> _YOUR ASSIGNMENT_
The answer should reproduce every entry exactly and contain no images.

====== EXERCISE DATA

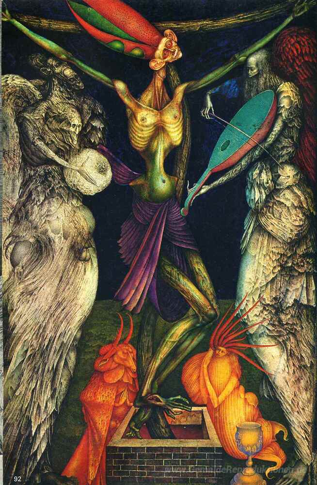 Wir bieten Ihnen eine handgefertigte Reproduktion auf Leinwand des berühmten Kunstwerks 'Crucification' von Ernst Fuchs, aus dem Reproduktionsmuseum.
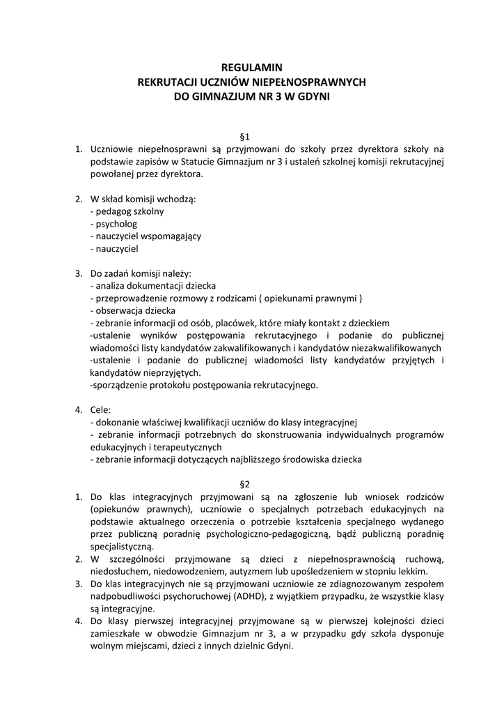 REGULAMIN REKRUTACJI UCZNIÓW NIEPEŁNOSPRAWNYCH DO GIMNAZJUM NR 3 W GDYNI §1 1. Uczniowie niepełnosprawni są przyjmowani do szkoły przez dyrektora szkoły na podstawie zapisów w Statucie Gimnazjum nr 3 i ustaleń szkolnej komisji rekrutacyjnej powołanej przez dyrektora. 2. W skład komisji wchodzą: - pedagog szkolny - psycholog - nauczyciel wspomagający - nauczyciel 3. Do zadań komisji należy: - analiza dokumentacji dziecka - przeprowadzenie rozmowy z rodzicami ( opiekunami prawnymi ) - obserwacja dziecka - zebranie informacji od osób, placówek, które miały kontakt z dzieckiem -ustalenie wyników postępowania rekrutacyjnego i podanie do publicznej wiadomości listy kandydatów zakwalifikowanych i kandydatów niezakwalifikowanych -ustalenie i podanie do publicznej wiadomości listy kandydatów przyjętych i kandydatów nieprzyjętych. -sporządzenie protokołu postępowania rekrutacyjnego. 4. Cele: - dokonanie właściwej kwalifikacji uczniów do klasy integracyjnej - zebranie informacji potrzebnych do skonstruowania indywidualnych programów edukacyjnych i terapeutycznych - zebranie informacji dotyczących najbliższego środowiska dziecka 1. 2. 3. 4. §2 Do klas integracyjnych przyjmowani są na zgłoszenie lub wniosek rodziców (opiekunów prawnych), uczniowie o specjalnych potrzebach edukacyjnych na podstawie aktualnego orzeczenia o potrzebie kształcenia specjalnego wydanego przez publiczną poradnię psychologiczno-pedagogiczną, bądź publiczną poradnię specjalistyczną. W szczególności przyjmowane są dzieci z niepełnosprawnością ruchową, niedosłuchem, niedowodzeniem, autyzmem lub upośledzeniem w stopniu lekkim. Do klas integracyjnych nie są przyjmowani uczniowie ze zdiagnozowanym zespołem nadpobudliwości psychoruchowej (ADHD), z wyjątkiem przypadku, że wszystkie klasy są integracyjne. Do klasy pierwszej integracyjnej przyjmowane są w pierwszej kolejności dzieci zamieszkałe w obwodzie Gimnazjum nr 3, a w przypadku gdy szkoła dysponuje wolnym miejscami, dzieci z innych dzielnic Gdyni. 5. Rodzice (opiekunowie prawni) ubiegający się o przyjęcie dziecka do klasy integracyjnej powinni złożyć w sekretariacie szkoły następujące dokumenty: • Zgłoszenie lub wniosek • Orzeczenie o potrzebie kształcenia specjalnego • Orzeczenie ZUS o niepełnosprawności z dokumentacją lekarską • Ankietę dotyczącą dziecka 6. Komisja po uprzednim zapoznaniu się wyżej podaną dokumentacją ustala termin spotkania z rodzicami (opiekunami prawnymi). 7. Podejmując ostateczną decyzję o przyjęciu dziecka Szkoła kieruje się realnymi możliwościami stworzenia dziecka optymalnych warunków kształcenia w naszej placówce. 8. Klasy integracyjne liczą od 15-20 uczniów, w tym do 5 –rga dzieci z orzeczeniem o kształceniu specjalnym. 9. Terminy składania podań oraz ogłoszenia listy uczniów przyjętych do gimnazjum są takie same dla wszystkich uczniów i podawane corocznie przez Pomorskiego Kuratora Oświaty. §3 Regulamin wchodzi w życie z dniem 01.03.2014r. Traci moc poprzedni regulamin.
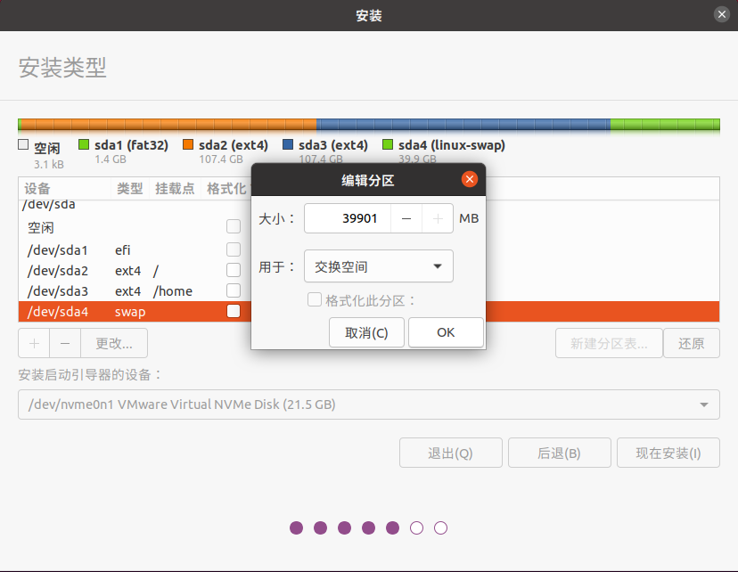 - - swap分区 相当于内存,划32G以下即可,如果存储空间大就16GB ,小的话8G足够了
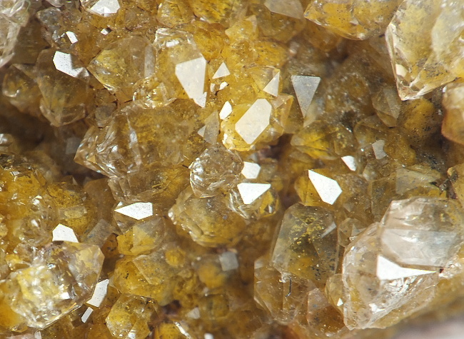 Bei mir liegen etliche Stüfchen, die als Wakefieldit-(Ce/Nd) bestimmt sind. Der Wakefieldit bildet winzige schwarze XX aufgewachsen auf einen gelben Quarz-1, der teilweise von einer zweiten Generation mit klaren Quarz überwachsen ist. Das ergibt dann recht nette Phantome. Als Matrix fungiert ein grau/bunter Chalcedon.
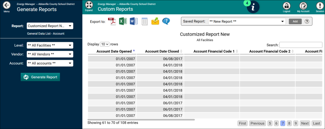 - General Data List includes the Account, Vendor, Meter, or Facility data.
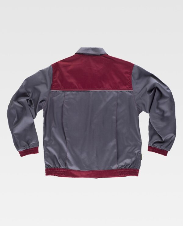 Casaco combinado com debruns refletores e costuras em contraste. Gola tipo camiseiro e corpetes com debruns em contraste que seguem na para de frente da manga. Fecho de correr de náilon oculto para aba com velcro. Dois bolsos no peito de chapa com lapela de velcro e fita para telemóvel. Dois bolsos laterais de abertura inclinada com debrum. Punho com elástico. Costas com dobras. Fecho de velcro na cintura e elástico nos laterais.
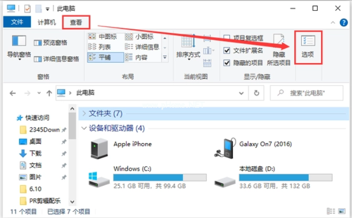 1、其實U盤無法讀取,還有可能是不小心被隱藏了,將U盤插入電腦,點擊此電腦-查看-選項。
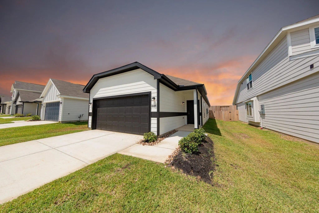 River's Edge is a coveted new construction community near The Woodlands in Conroe, Texas. The Newcastle plan is a 1-story home that comes standard with 3 bedrooms, 2 baths, and includes abundant counter space in the kitchen, a pantry, large primary walk-in closet, and spacious laundry room. Upgrades include - Sod front and back,
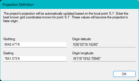 a.      First, import your control into TBC, make sure the false northing and easting (Figure 1) match the point that the RTK Base station was set up on or over to get the latitude and longitude. (Figure 2)
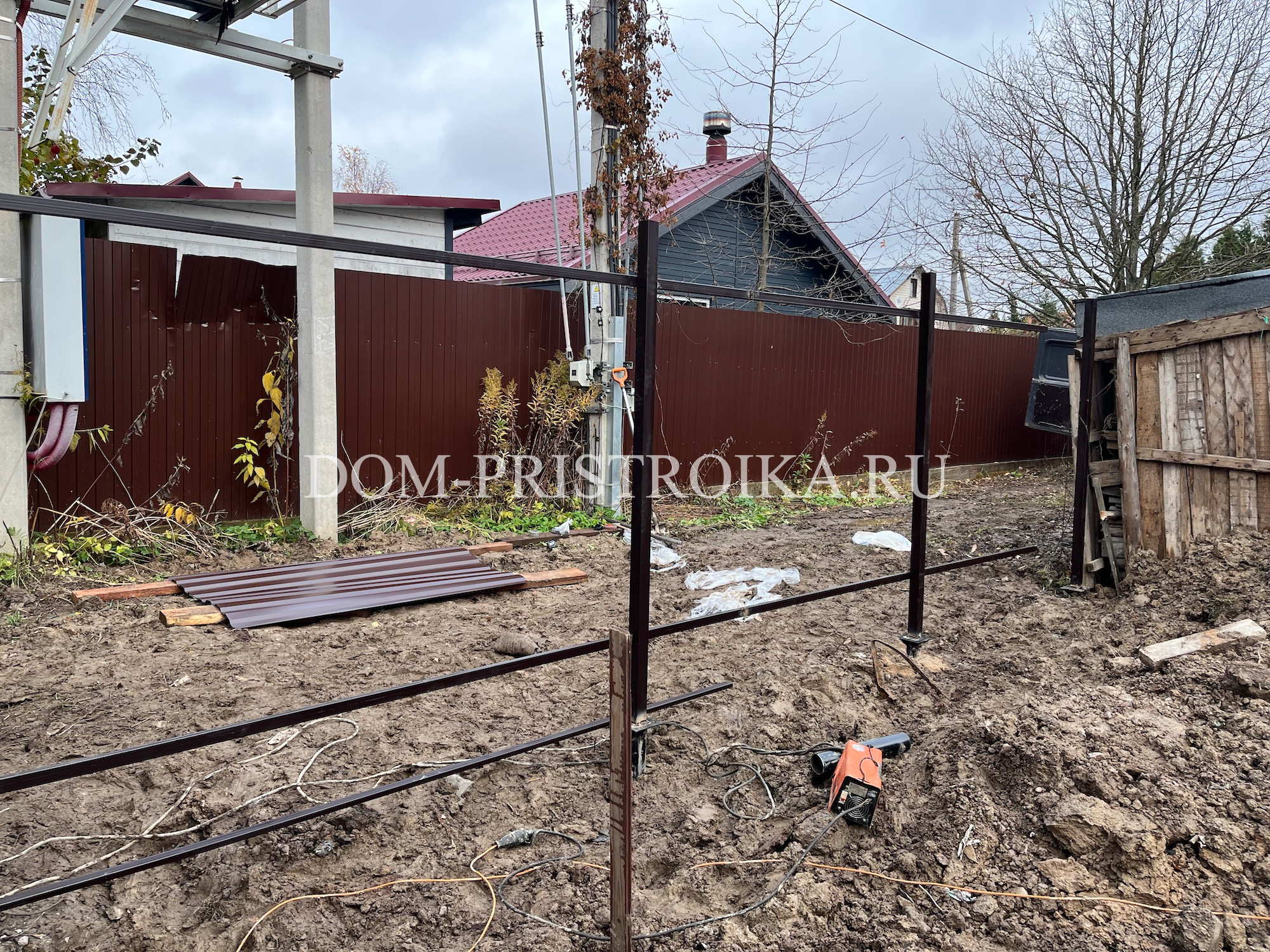 Дренажные работы. Монтаж забора из профлиста.
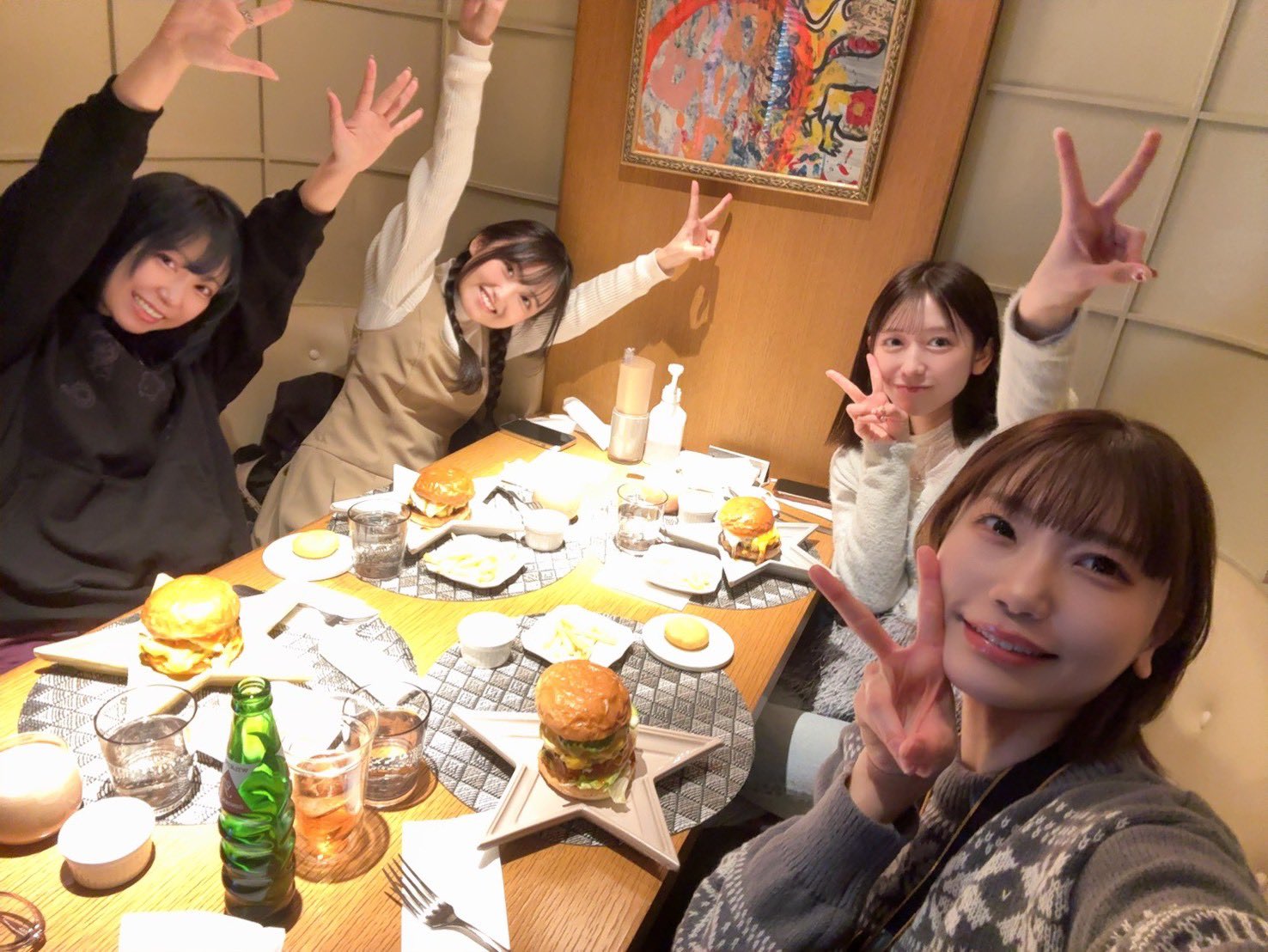 Aikyan with a giant burger and other actors she worked with for Ideal Seminar!!!

============

> _RESPONSE_
 Wir bieten Ihnen eine handgefertigte Reproduktion auf Leinwand des berühmten Kunstwerks 'Crucification' von Ernst Fuchs, aus dem Reproduktionsmuseum.
 REGULAMIN REKRUTACJI UCZNIÓW NIEPEŁNOSPRAWNYCH DO GIMNAZJUM NR 3 W GDYNI §1 1. Uczniowie niepełnosprawni są przyjmowani do szkoły przez dyrektora szkoły na podstawie zapisów w Statucie Gimnazjum nr 3 i ustaleń szkolnej komisji rekrutacyjnej powołanej przez dyrektora. 2. W skład komisji wchodzą: - pedagog szkolny - psycholog - nauczyciel wspomagający - nauczyciel 3. Do zadań komisji należy: - analiza dokumentacji dziecka - przeprowadzenie rozmowy z rodzicami ( opiekunami prawnymi ) - obserwacja dziecka - zebranie informacji od osób, placówek, które miały kontakt z dzieckiem -ustalenie wyników postępowania rekrutacyjnego i podanie do publicznej wiadomości listy kandydatów zakwalifikowanych i kandydatów niezakwalifikowanych -ustalenie i podanie do publicznej wiadomości listy kandydatów przyjętych i kandydatów nieprzyjętych. -sporządzenie protokołu postępowania rekrutacyjnego. 4. Cele: - dokonanie właściwej kwalifikacji uczniów do klasy integracyjnej - zebranie informacji potrzebnych do skonstruowania indywidualnych programów edukacyjnych i terapeutycznych - zebranie informacji dotyczących najbliższego środowiska dziecka 1. 2. 3. 4. §2 Do klas integracyjnych przyjmowani są na zgłoszenie lub wniosek rodziców (opiekunów prawnych), uczniowie o specjalnych potrzebach edukacyjnych na podstawie aktualnego orzeczenia o potrzebie kształcenia specjalnego wydanego przez publiczną poradnię psychologiczno-pedagogiczną, bądź publiczną poradnię specjalistyczną. W szczególności przyjmowane są dzieci z niepełnosprawnością ruchową, niedosłuchem, niedowodzeniem, autyzmem lub upośledzeniem w stopniu lekkim. Do klas integracyjnych nie są przyjmowani uczniowie ze zdiagnozowanym zespołem nadpobudliwości psychoruchowej (ADHD), z wyjątkiem przypadku, że wszystkie klasy są integracyjne. Do klasy pierwszej integracyjnej przyjmowane są w pierwszej kolejności dzieci zamieszkałe w obwodzie Gimnazjum nr 3, a w przypadku gdy szkoła dysponuje wolnym miejscami, dzieci z innych dzielnic Gdyni. 5. Rodzice (opiekunowie prawni) ubiegający się o przyjęcie dziecka do klasy integracyjnej powinni złożyć w sekretariacie szkoły następujące dokumenty: • Zgłoszenie lub wniosek • Orzeczenie o potrzebie kształcenia specjalnego • Orzeczenie ZUS o niepełnosprawności z dokumentacją lekarską • Ankietę dotyczącą dziecka 6. Komisja po uprzednim zapoznaniu się wyżej podaną dokumentacją ustala termin spotkania z rodzicami (opiekunami prawnymi). 7. Podejmując ostateczną decyzję o przyjęciu dziecka Szkoła kieruje się realnymi możliwościami stworzenia dziecka optymalnych warunków kształcenia w naszej placówce. 8. Klasy integracyjne liczą od 15-20 uczniów, w tym do 5 –rga dzieci z orzeczeniem o kształceniu specjalnym. 9. Terminy składania podań oraz ogłoszenia listy uczniów przyjętych do gimnazjum są takie same dla wszystkich uczniów i podawane corocznie przez Pomorskiego Kuratora Oświaty. §3 Regulamin wchodzi w życie z dniem 01.03.2014r. Traci moc poprzedni regulamin.
 - - swap分区 相当于内存,划32G以下即可,如果存储空间大就16GB ,小的话8G足够了
 Bei mir liegen etliche Stüfchen, die als Wakefieldit-(Ce/Nd) bestimmt sind. Der Wakefieldit bildet winzige schwarze XX aufgewachsen auf einen gelben Quarz-1, der teilweise von einer zweiten Generation mit klaren Quarz überwachsen ist. Das ergibt dann recht nette Phantome. Als Matrix fungiert ein grau/bunter Chalcedon.
 - General Data List includes the Account, Vendor, Meter, or Facility data.
 Casaco combinado com debruns refletores e costuras em contraste. Gola tipo camiseiro e corpetes com debruns em contraste que seguem na para de frente da manga. Fecho de correr de náilon oculto para aba com velcro. Dois bolsos no peito de chapa com lapela de velcro e fita para telemóvel. Dois bolsos laterais de abertura inclinada com debrum. Punho com elástico. Costas com dobras. Fecho de velcro na cintura e elástico nos laterais.
 1、其實U盤無法讀取,還有可能是不小心被隱藏了,將U盤插入電腦,點擊此電腦-查看-選項。
 River's Edge is a coveted new construction community near The Woodlands in Conroe, Texas. The Newcastle plan is a 1-story home that comes standard with 3 bedrooms, 2 baths, and includes abundant counter space in the kitchen, a pantry, large primary walk-in closet, and spacious laundry room. Upgrades include - Sod front and back,
 a.      First, import your control into TBC, make sure the false northing and easting (Figure 1) match the point that the RTK Base station was set up on or over to get the latitude and longitude. (Figure 2)
 Дренажные работы. Монтаж забора из профлиста.
 Aikyan with a giant burger and other actors she worked with for Ideal Seminar!!!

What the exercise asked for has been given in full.